TASK TO CARRY OUT ->
Return nothing but the lines from the one with "제품 입고 즉시, 담당" through the one with "전부터 기대감이 차올랐습니다." in the data below, word for word and without pictures.

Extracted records

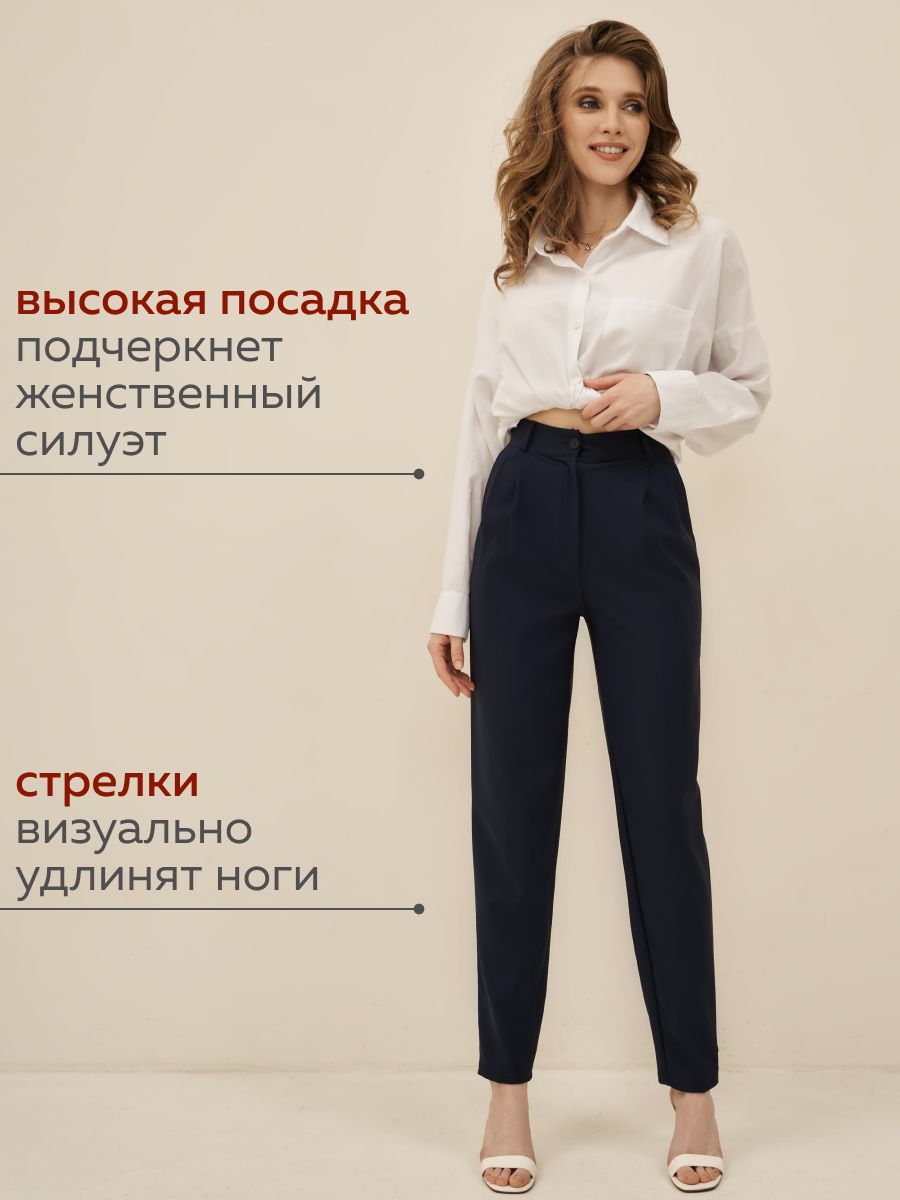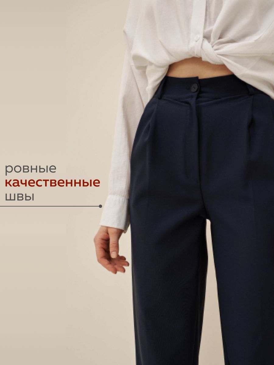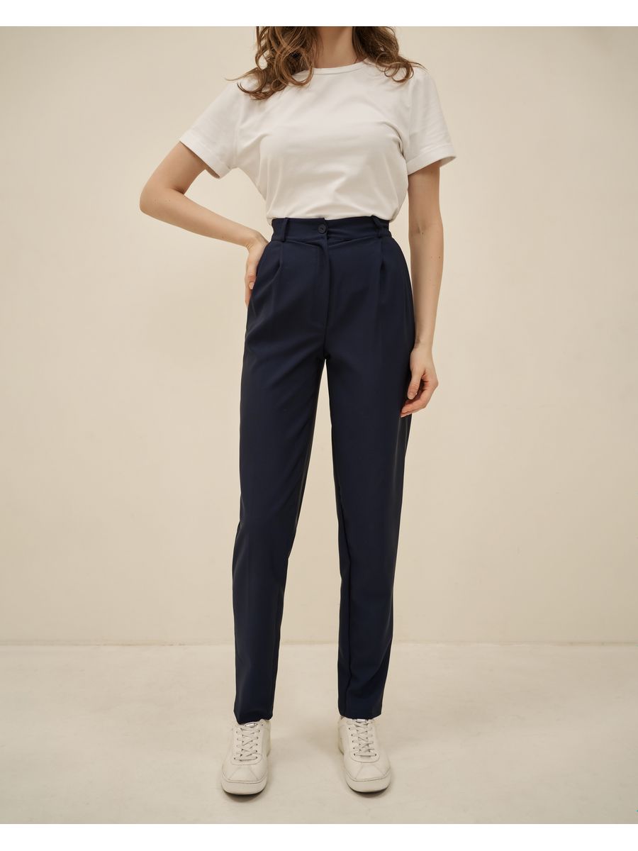 Брюки женские классические синие штаны с высокой посадкой
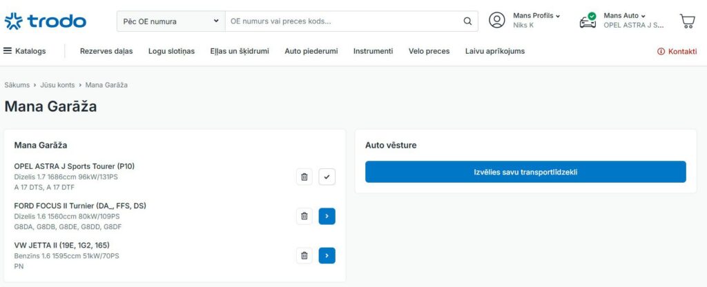Pievienojot automašīnu “Manai Garāžai”, visa detaļu atlase automātiski balstās uz saglabātajiem auto datiem. Tas ir īpaši noderīgi regulāras apkopes gadījumos vai situācijās, kad tiek pārvaldīti vairāki transportlīdzekļi. Šādi tiek samazināta nepieciešamība atkārtoti ievadīt informāciju un detaļu izvēle kļūst konsekventa un ērta katrā pasūtījumā.
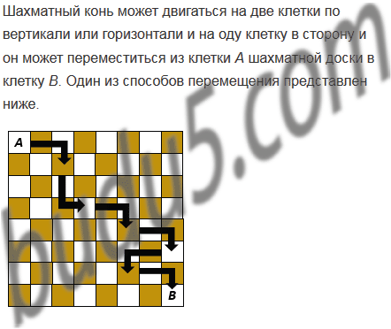 Шахматный конь может двигаться на две клетки по вертикали или горизонтали и на оду клетку в сторону. Подумайте, может ли конь переместиться из клетки А шахматной доски в клетку В.
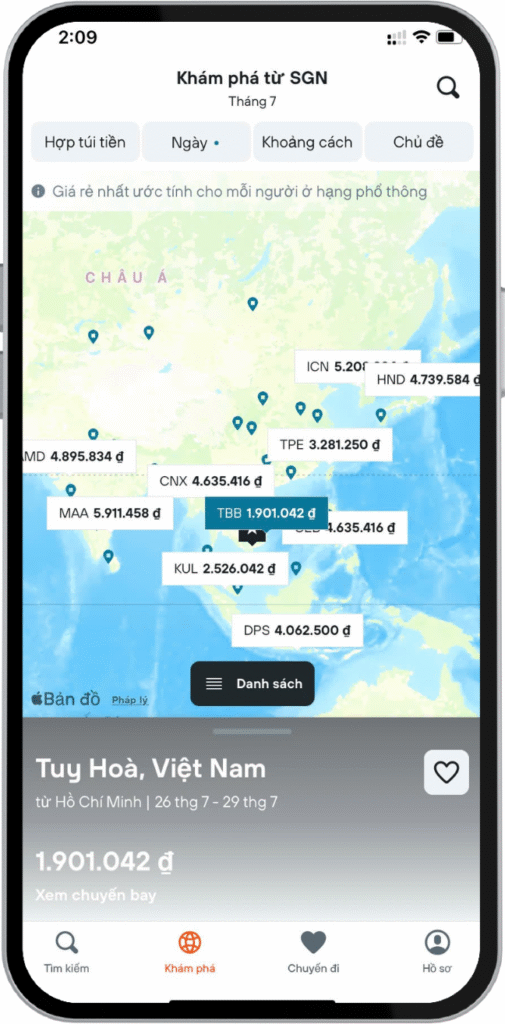 Tìm kiếm theo ngân sách của bạn: Chỉ có $300 để tiêu? KAYAK Explore sẽ hiển thị cho bạn các lựa chọn chuyến bay với mọi mức ngân sách.
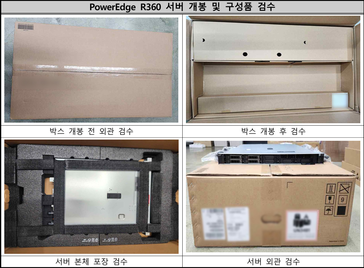 제품 입고 즉시, 담당 엔지니어는 R360의 신규 입고를 확인하고 외관 상태와 모든 구성품의 수량을 꼼꼼하게 검수했어요. Server의 핵심인 PERCH755 RAID 컨트롤러의 정상적인 인식을 확인한 후 고객사의 데이터 보호 요구에 맞춰 디스크를 RAID 5로 구성하는 작업을 진행했습니다. 이어서 OS 이미지를 설치하고 최신 보안 및 기능 업데이트를 완료했으며 모든 드라이브를 확인하고 설치한 뒤, 드라이버 상태가 정상임을 최종적으로 확인하여 현장 설치 전 최적의 상태를 준비했습니다.
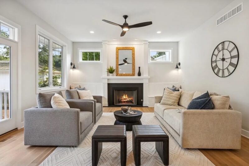 Fireplace: Natural wood-burning fireplace as the centerpiece of the great room
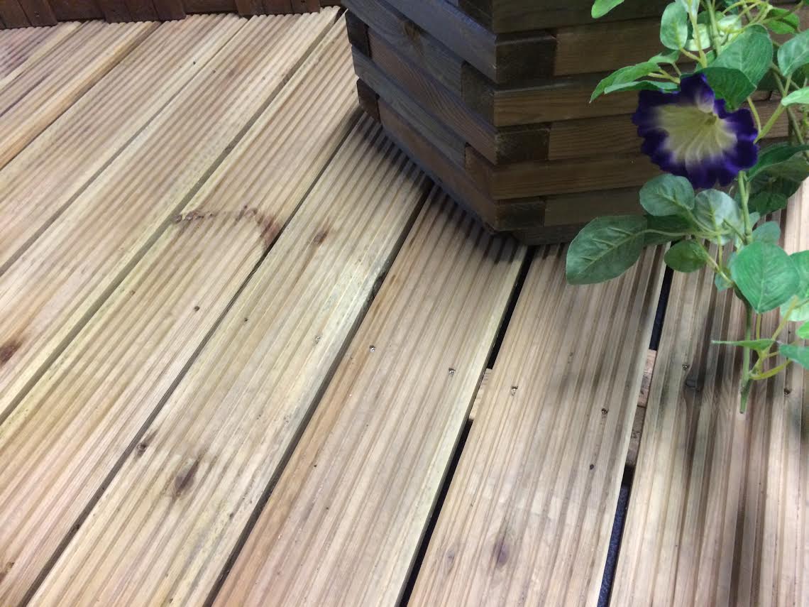 De grenen geimpregneerde planken zijn de meest voordelige oplossing om een mooi vlonderterras te maken. De planken zijn van twee kanten voorzien van een profiel (één zijde fijn en één zijde grof). Het is belangrijk om bij de planken genoeg onderruimte te hebben, zodat ze kunnen doorluchten. Zo blijven ze langer goed. De planken hebben een afmeting van 2,8 x 14,5 cm en zijn leverbaar in lengtes van 180, 300, en 400 cm.
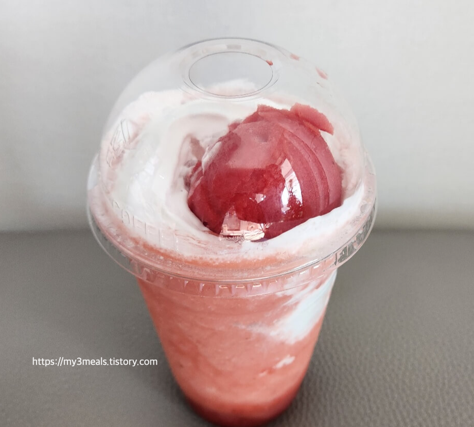 ‘딸기젤라또 퐁당 프라페’는 첫눈에 보자마자 감탄이 절로 나오는 비주얼을 자랑했어요. 맑은 딸기 스무디 위에 부드러운 휘핑크림이 올려져 있고, 그 위에는 큼직한 딸기젤라또가 포인트로 자리 잡고 있었죠. 보기만 해도 상큼함과 달콤함이 전해져, 마시기 전부터 기대감이 차올랐습니다.
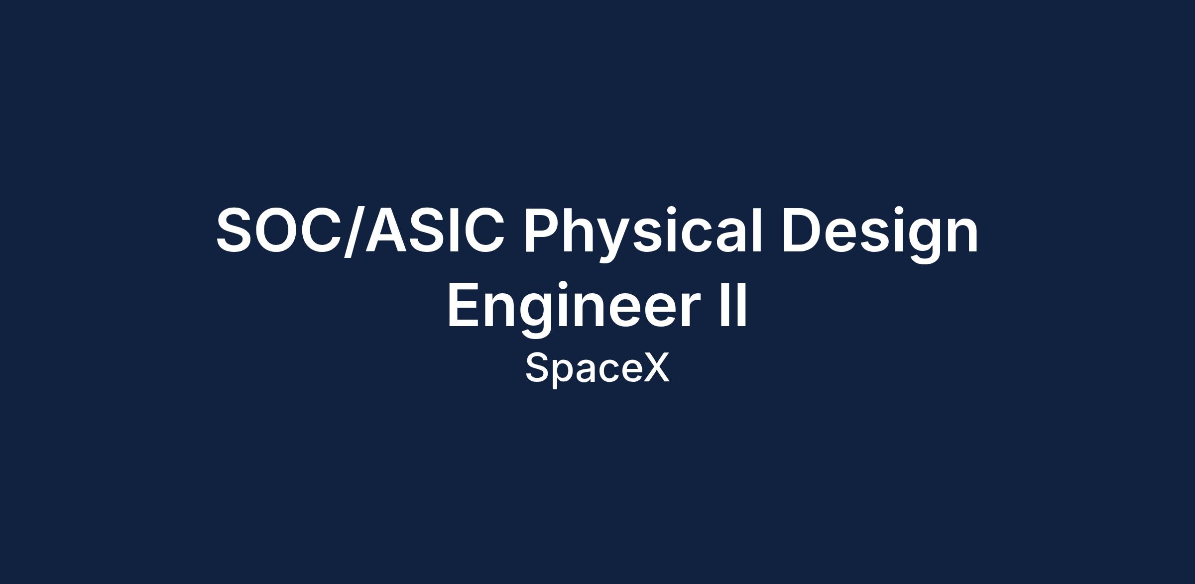The SOC/ASIC Physical Design Engineer II position at SpaceX involves developing next-generation ASICs for deployment in space and ground infrastructures. The role requires a proactive and collaborative engineer who will work with various cross-disciplinary teams to enhance connectivity through advanced technologies.
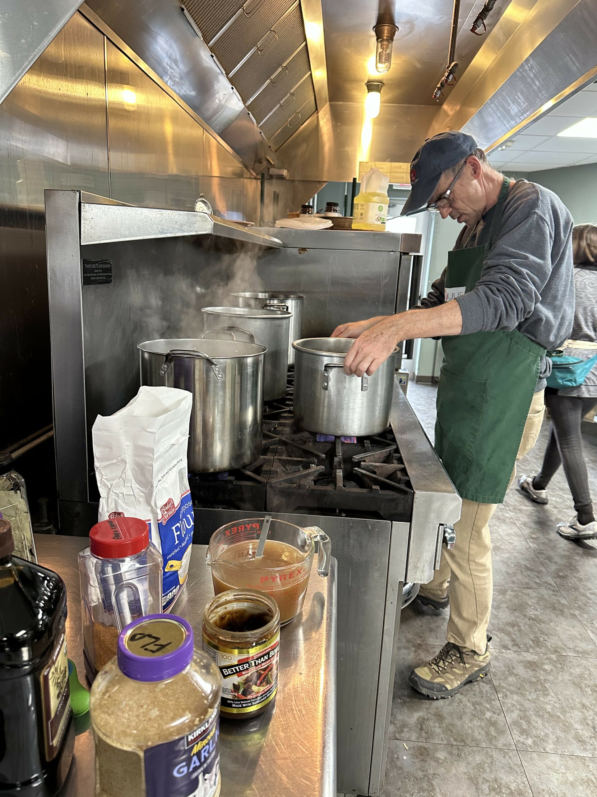 On March 14 the UUS team gathered to make turkey and rice soup, vegetable soup, toasted garlic bread, and a cranberry-walnut salad for lunch. Chopping veggies and whipping up the soups were Juli Statton, Theresa Ullerich, and Kezia Walker-Cecil under the leadership of Frank Wildensee. Carolyn Johnson, Juli Statton, and David Quegg made salads. Gay Mikelson wrapped the silverware and Joy Thompson served beverages. Carolyn Johnson, Sharon Beckman, and Gene McCracken worked the serving line and Caryl Lyons, John Elson, Gare Calhoun, and Gary Lawrenson washed the dishes. This month’s main dish was sponsored by Jeanette Carter- many thanks to Jeanette for that generous gift.
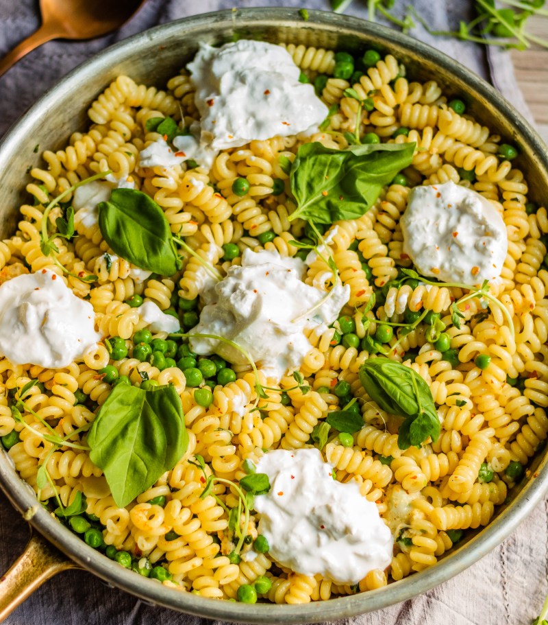 You might think the burrata is the star of this dish but I beg to differ! I consider Fresh local BC Spring Peas to be such a delicacy that I definitely think of them as the star! This Spring Pea & Burrata Pasta is the best way to celebrate the transition from Spring to Summer if you ask me.

OUTPUT FOR THIS TASK ->
 제품 입고 즉시, 담당 엔지니어는 R360의 신규 입고를 확인하고 외관 상태와 모든 구성품의 수량을 꼼꼼하게 검수했어요. Server의 핵심인 PERCH755 RAID 컨트롤러의 정상적인 인식을 확인한 후 고객사의 데이터 보호 요구에 맞춰 디스크를 RAID 5로 구성하는 작업을 진행했습니다. 이어서 OS 이미지를 설치하고 최신 보안 및 기능 업데이트를 완료했으며 모든 드라이브를 확인하고 설치한 뒤, 드라이버 상태가 정상임을 최종적으로 확인하여 현장 설치 전 최적의 상태를 준비했습니다.
 Fireplace: Natural wood-burning fireplace as the centerpiece of the great room
 De grenen geimpregneerde planken zijn de meest voordelige oplossing om een mooi vlonderterras te maken. De planken zijn van twee kanten voorzien van een profiel (één zijde fijn en één zijde grof). Het is belangrijk om bij de planken genoeg onderruimte te hebben, zodat ze kunnen doorluchten. Zo blijven ze langer goed. De planken hebben een afmeting van 2,8 x 14,5 cm en zijn leverbaar in lengtes van 180, 300, en 400 cm.
 ‘딸기젤라또 퐁당 프라페’는 첫눈에 보자마자 감탄이 절로 나오는 비주얼을 자랑했어요. 맑은 딸기 스무디 위에 부드러운 휘핑크림이 올려져 있고, 그 위에는 큼직한 딸기젤라또가 포인트로 자리 잡고 있었죠. 보기만 해도 상큼함과 달콤함이 전해져, 마시기 전부터 기대감이 차올랐습니다.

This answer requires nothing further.